DATA SHOWN section start
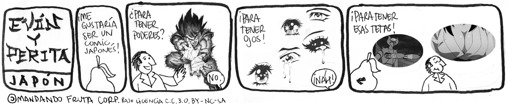 Evón y Perita está bajo licencia Creative Commons Reconocimiento-NoComercial- CompartirIgual 3.0 Unported License. Eso significa que estas tiras cómicas están disponibles para hacer cualquier cosa con ellas: publicarlas, distribuirlas, redibujarlas, tergiversarlas, cortarlas… Siempre que se haga sin fines de lucro, y siempre que el resultado se comparta con la misma licencia Creative Commons, en cualquier país del mundo y en cualquier rincón de Internet.
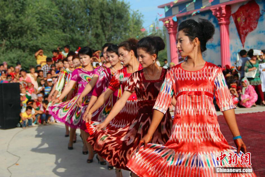 Farmers and herdsmen display ethnic costumes in Yaha town of Kuqa county, Xinjiang on Aug. 20, 2014. (Chinanews/Fan Hongying)
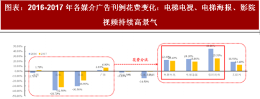 从广告细分行业来看,互联网广告、电视广告和电梯广告的投放效果排名前三,电视广告注意力下滑直接导致广告刊例费花费向互联网和电梯媒体的分流,根据尼尔森的统计,互联网眼球份额为26%,电视广告媒体眼球份额为21%,电梯广告为19%,此外,互联网流量价格趋高使得生活圈媒体广告直接受益。一个例证是楼宇媒体性价比高于视频媒体广告性价比,框架cpm较视频平台的贴片价格更低,约为20元 ,爱奇艺暂停贴片广告cpm为40元,线下的媒体广告位兼备投放效果和价格优势。我们认为,生活圈媒体不再是说一种补充广告形式,而是客户购买广告“组合包”里性价比最高的媒体营销方式。 从刊例花费变化也能印证电视等传统媒体向电梯楼宇和影院媒体的分流。2017年传统媒体电视、报纸、杂志和广播的刊例花费增速下滑或略有回暖,而生活圈媒体维持高景气:电梯电视、电梯海报和影院视频刊例花费同比增速为20.4%、18.8%和25.5%。
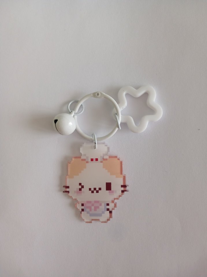 Pastel tonlarda boncuklu, piksel sanatlı kedi figürlü, beyaz zilli ve yıldız şeklinde halkalı minimalist anahtarlık.
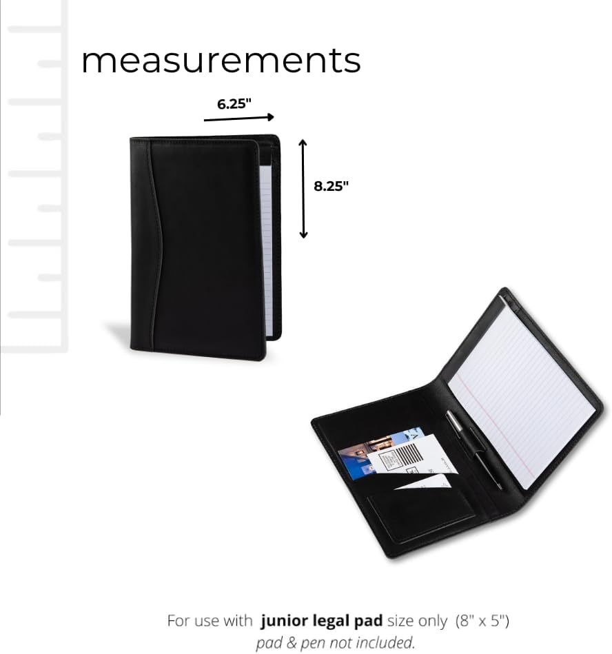 - ORGANIZE WITH STYLE: Organize your meeting essentials with our rustic leather binder, complete with a business card holder, front pocket, pen holder, and pad holder for added convenience and style. With this junior padfolio compact size of 8"x6" it is ideal for crowded meeting tables and on-the-go notetaking.
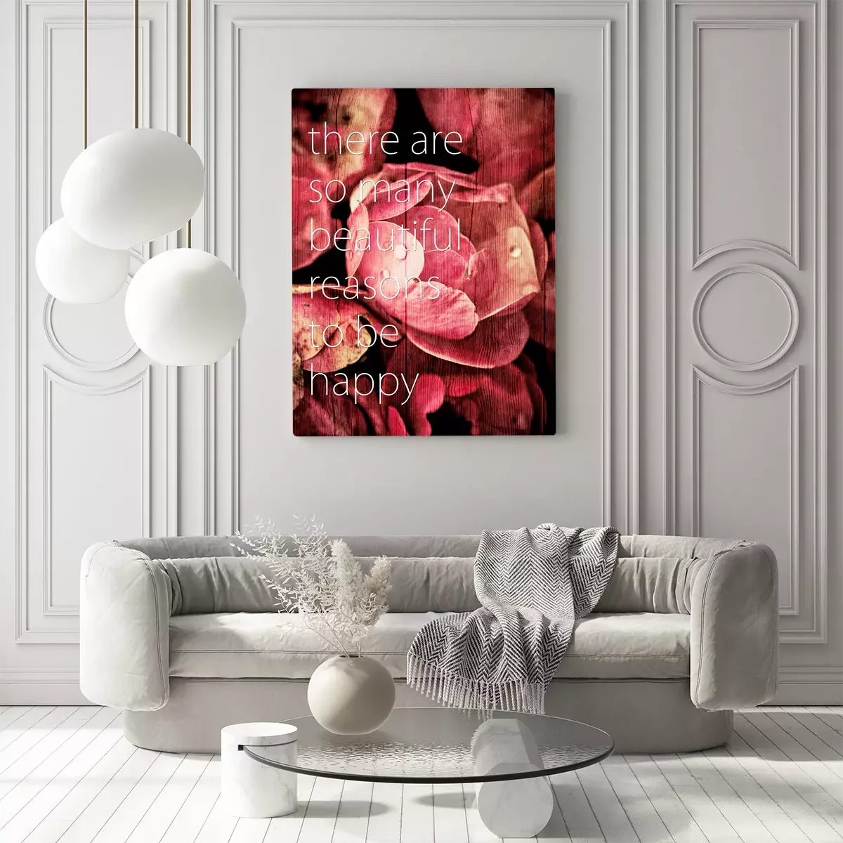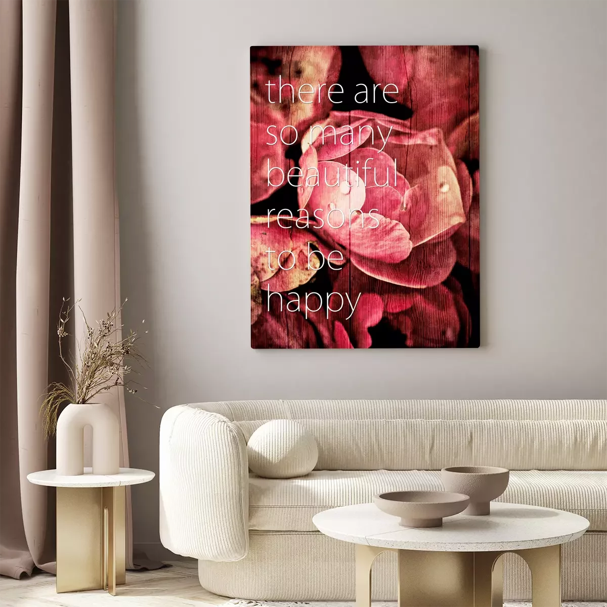 Rosa blumen mit einem zitat über glück
DATA SHOWN section end
=== REQUIREMENT ===
Print exactly the line containing "Pastel tonlarda boncuklu, piksel" and every line after it through the final line above, and leave all pictures out.

=== REPLY TO THE TASK ===
 Pastel tonlarda boncuklu, piksel sanatlı kedi figürlü, beyaz zilli ve yıldız şeklinde halkalı minimalist anahtarlık.
 - ORGANIZE WITH STYLE: Organize your meeting essentials with our rustic leather binder, complete with a business card holder, front pocket, pen holder, and pad holder for added convenience and style. With this junior padfolio compact size of 8"x6" it is ideal for crowded meeting tables and on-the-go notetaking.
 Rosa blumen mit einem zitat über glück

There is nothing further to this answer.